This makes Uncle Junior’s final scene in the series finale. all the more poignant. The man does not even remember that he was part of “this thing of ours.” For everything that tied Tony and Uncle Junior to each other (including murder attempts), and everything that divided them (including murder attempts), Junior filled one vital role in Tony’s life, a role filled by no one else at home or at the Bing: he was the memory. And with the memory gone, so is that which, for Tony, balances the pabulum of the modern world.

This strain is what makes the characters’ gluttony so appealing. Ever since The Godfather, gangster sagas have focused on food—both its familial connotations, and also its raw, sensory appeal. The Sopranos adds an additional charge to this convention: against the backdrop of Staples and Borders and Barnes & Noble, of SUVs and suburban sprawl, when Tony gorges, he is stuffing himself with the world almost faster than its color is disappearing.

Since the days of the Production Code, America's gangster stories have almost all been tragedies. This is certainly true of the genre's more modern classics, including Goodfellas and The Godfathers. What The Sopranos has done is take the gangster saga's requisite ruin and spread it across a vast amount of time. So, while the finale may not have been climactic, it was consistent with a trajectory the show had been plotting since the pilot. Even when lightened by comedy or punctuated by violence, the show was mournful, a stop-motion tragedy.

All of this is why the series ends exactly where it has to: at a diner
and not around the Sopranos’ table.

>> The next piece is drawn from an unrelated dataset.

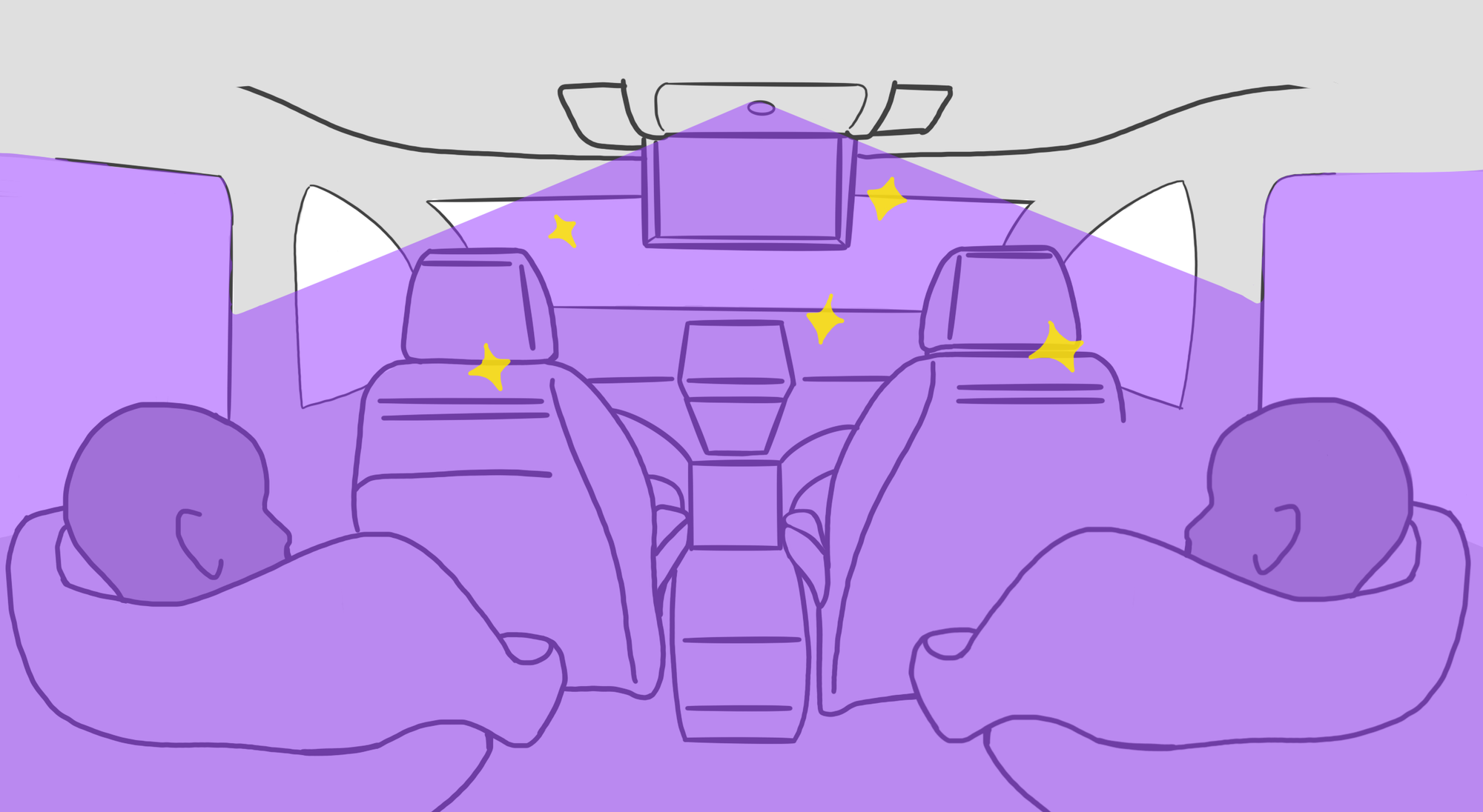 I found while interviewing parents on their experiences with children in cars that environmental elements such as other kids and the weather can greatly impact mood. Sudden negative changes can cause tantrums and derail trips. Hypothetically, creating a perfect environment that is conducive to a calm, meditative trip would reduce negative feelings within passengers. I was inspired by the "Bus Sleeping Tour" offered by Ulu Travel in Hong Kong and how they used the existing environment of a bus to relax customers (Chan et al. 2022). As such, I have proposed a slight augmentation to the existing entertainment capabilities of the Honda Odyssey that will relax users and transport them to another world.

In an almost throwaway reference, A.J. reveals that the family was going to have Carmela’s manicot; instead, they settle for the All-American generic. This is echoed by the soundtrack. The series's final song is Journey's "Don't Stop Believing," instead of the juke box selections on which Tony dwells: two songs by Tony Bennett. Once again, the generically American trumps the specifically Italian.

As for how the series ends, frustrating though the final image is, the show has never been about closure (how many story arcs have been established but never completed?). So rather than critique, interpret, or lambaste it, I focus on what it did: refer me to the past, which is what the show has always been about, rather than the future, which its characters never really had.